Born and raised in Melbourne, Jones studied painting at the National Gallery of Victoria Art School under the guidance of George Folingsby from 1883 to 1889. He was an early member of both the Box Hill artists' camp, founded in 1885, and the Heidelberg artists' camp, where he painted the Australian landscape en plein air using impressionist techniques alongside artists such as Arthur Streeton and Charles Conder. During this period, he was also part of the Buonarotti Club, one of Melbourne's leading bohemian arts groups of the mid-1880s.
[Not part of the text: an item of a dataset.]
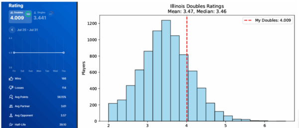 As both a player and Data Analytics professional, I couldn’t resist turning the lens on my own performance. With a DUPR doubles rating of 4.009 as of 7/31/2025, I currently rank in the top 19.9% of rated players in Illinois and in the top 24.7% among men. Within my age group (40–45), I place in the top 25.6% statewide. My rated match record stands at 166 wins and 114 losses, with an average point share of 56.15%, showing consistent competitiveness. While I’m proud of this progress, what excites me most is the growing depth and breadth of talent across Illinois. Whether on the court in Naperville or Chicago, or behind the screen analyzing trends, it’s clear we’re only in the opening chapters of pickleball’s story here.
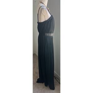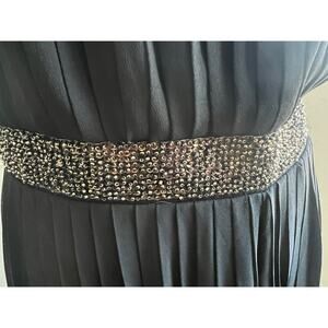 Beautiful chiffon pleats with sequins at waist. Fully lined to knees. Removable adjustable straps to turn it into a strapless jumpsuit if you so desire. Side zip entry. Beautiful gold beeds in front at waist, elastic waist.

Streeton gifted several of his Heidelberg works to Jones, including Impression for Golden Summer (1888), which became the basis for Jones's iconic landscape Golden Summer, Eaglemont (1889). Jones later lent Impression for Golden Summer to the landmark 9 by 5 Impression Exhibition of 1889. In the following year, both Jones and Streeton submitted works from the Heidelberg School to the Victorian Artists Society’s winter show. This exhibition attracted the attention of trustees from the Art Gallery of New South Wales, who, impressed by the pair's talent, purchased Jones's The Dry Season and Streeton’s An Australian Gloaming. These acquisitions marked some of the first Heidelberg School works to enter a public collection. The Dry Season was later included in the 1898 Exhibition of Australian Art in London, alongside other works by Jones.
In the later years of his life, Jones moved to Sydney, where he continued to paint, predominantly in watercolour. He passed away at North Sydney Hospital on 13 December 1927 after a brief illness.